▶ _Task to carry out_
The full listing is to be transcribed exactly, with each picture left out.

▶ _Provided data_
* * * *

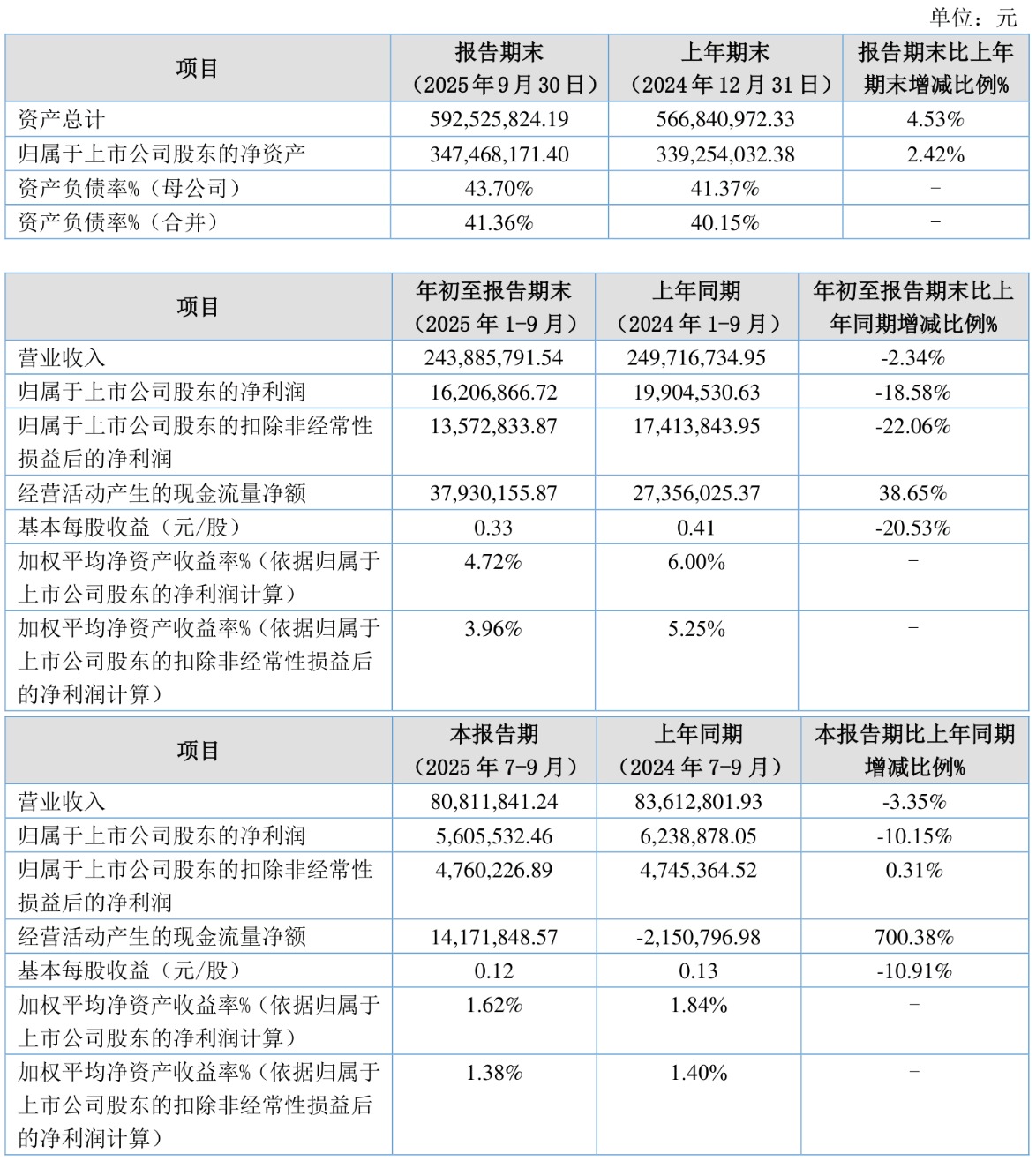 负债重大变化方面,截至2025年三季度末,公司短期借款较上年末增加38.67%,占公司总资产比重上升3.57个百分点;应付票据及应付账款较上年末减少4.68%,占公司总资产比重下降1.29个百分点;长期递延收益较上年末减少4.19%,占公司总资产比重下降0.92个百分点;合同负债较上年末增加29.23%,占公司总资产比重上升0.19个百分点。
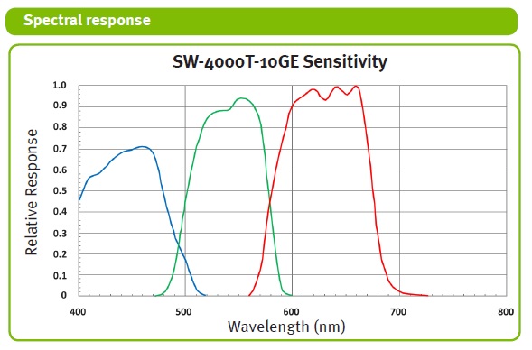 The SW-4000T-10GE combines the color accuracy of prism technology with a super fast 10 GigE interface providing true RGB output at up to 97 kHz or YUV output at up to 145 kHz. Intelligent auto-negotiation adjusts to support NBASE-T speeds (5 GigE / 2.5 GigE), as well as traditional 1 Gbps GigE Vision output.
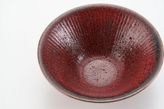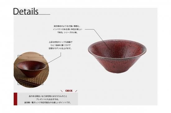 焼き締めのような力強い質感と、インパクトのある深い朱色が美しい『朱印』シリーズの小鉢。

* * * *

▶ _Response to the task_
 负债重大变化方面,截至2025年三季度末,公司短期借款较上年末增加38.67%,占公司总资产比重上升3.57个百分点;应付票据及应付账款较上年末减少4.68%,占公司总资产比重下降1.29个百分点;长期递延收益较上年末减少4.19%,占公司总资产比重下降0.92个百分点;合同负债较上年末增加29.23%,占公司总资产比重上升0.19个百分点。
 The SW-4000T-10GE combines the color accuracy of prism technology with a super fast 10 GigE interface providing true RGB output at up to 97 kHz or YUV output at up to 145 kHz. Intelligent auto-negotiation adjusts to support NBASE-T speeds (5 GigE / 2.5 GigE), as well as traditional 1 Gbps GigE Vision output.
 焼き締めのような力強い質感と、インパクトのある深い朱色が美しい『朱印』シリーズの小鉢。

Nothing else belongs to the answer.